It can be seen from the above formula that the learning and training time of SVM is directly determined by the complexity of the algorithm, and the training time of the SVM multiclass classifier indirectly depends on the classification rate of the classifier. In the one-to-many algorithm, due to the construction of multiple functions, the training of these functions will consume a lot of time, so it can be concluded that the training time is

$$\begin{array}{c}T=kc{m}^{\gamma }.\end{array}$$ (14)

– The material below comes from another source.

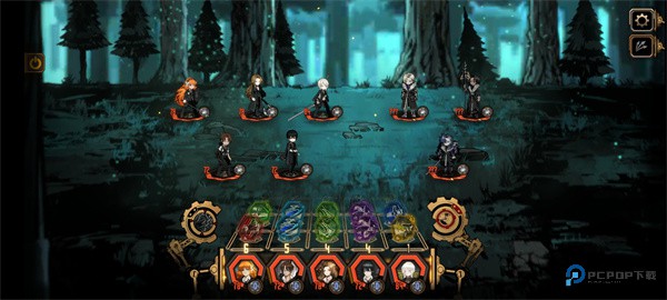 这里的共鸣不是仅限一个角色使用同属性卡片时能触发共鸣,而是相邻角色使用同属性卡片时,也可以触发共鸣,一般认为共鸣越多越好然后屏幕右上角有7种资源使用属性,技能后会增加资源,这些资源达到后可以触发左边的BUF。

However, only one is constructed in the one-to-one algorithm, so the training time can be obtained as shown in formula.

$$\begin{array}{c}T=\frac{k\left(k-1\right)}{2}C\left(\frac{2m}{k}\right)\approx 2^{\gamma -1}{k}^{2-\gamma }c{m}^{\gamma }.\end{array}$$ (15)

3.1.3. Experimental Results and Analysis

Common kernel functions can map input variables to high-dimensional space. RBF cannot show good performance due to insufficient empirical information among these kernel functions. Moreover, RBF has its own shape parameters, so there are fewer calculation steps and simple calculations. This article uses the reason for the RBF model. The kernel function selected in this paper is compared with other kernel functions as shown in Table 1.

Table 1.

Comparison of accuracy rates of three kernel functions.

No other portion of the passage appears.